Transcribe the listing that follows in full, omitting pictures.

[INFORMATION PROVIDED — start]

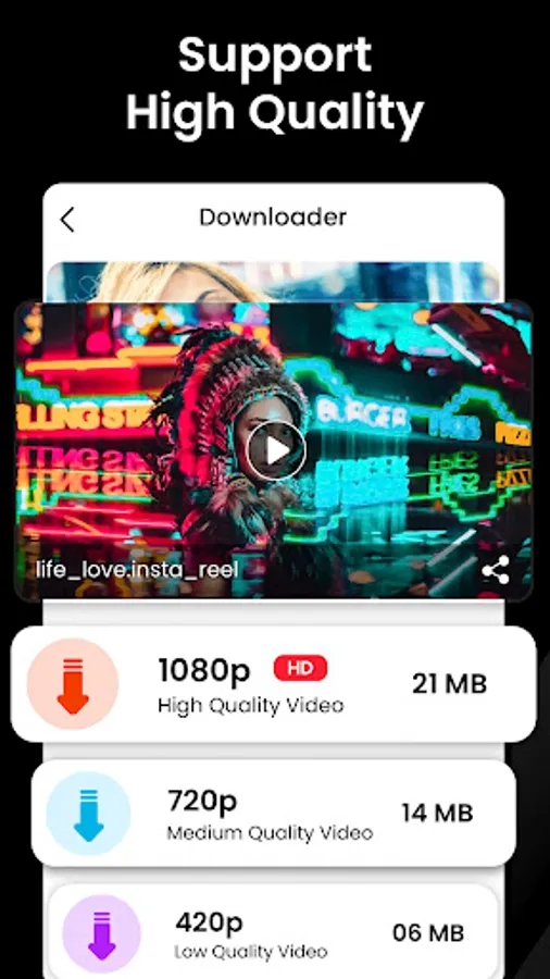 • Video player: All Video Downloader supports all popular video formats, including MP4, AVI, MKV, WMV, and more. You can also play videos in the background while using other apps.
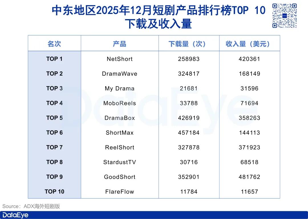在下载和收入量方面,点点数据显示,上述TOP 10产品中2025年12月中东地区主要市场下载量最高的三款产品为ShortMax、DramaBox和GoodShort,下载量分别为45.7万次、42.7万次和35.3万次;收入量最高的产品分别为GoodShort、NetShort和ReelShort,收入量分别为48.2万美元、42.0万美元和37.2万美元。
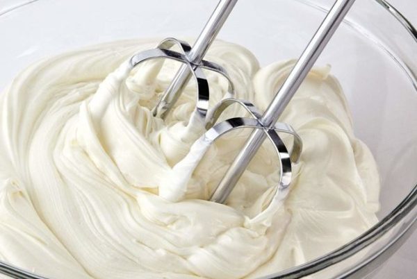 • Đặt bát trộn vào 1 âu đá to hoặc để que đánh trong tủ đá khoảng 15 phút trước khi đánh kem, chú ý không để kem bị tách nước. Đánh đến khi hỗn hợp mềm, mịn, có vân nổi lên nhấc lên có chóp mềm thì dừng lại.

[INFORMATION PROVIDED — finish]

- **RESPONSE AREA**
 • Video player: All Video Downloader supports all popular video formats, including MP4, AVI, MKV, WMV, and more. You can also play videos in the background while using other apps.
在下载和收入量方面,点点数据显示,上述TOP 10产品中2025年12月中东地区主要市场下载量最高的三款产品为ShortMax、DramaBox和GoodShort,下载量分别为45.7万次、42.7万次和35.3万次;收入量最高的产品分别为GoodShort、NetShort和ReelShort,收入量分别为48.2万美元、42.0万美元和37.2万美元。
 • Đặt bát trộn vào 1 âu đá to hoặc để que đánh trong tủ đá khoảng 15 phút trước khi đánh kem, chú ý không để kem bị tách nước. Đánh đến khi hỗn hợp mềm, mịn, có vân nổi lên nhấc lên có chóp mềm thì dừng lại.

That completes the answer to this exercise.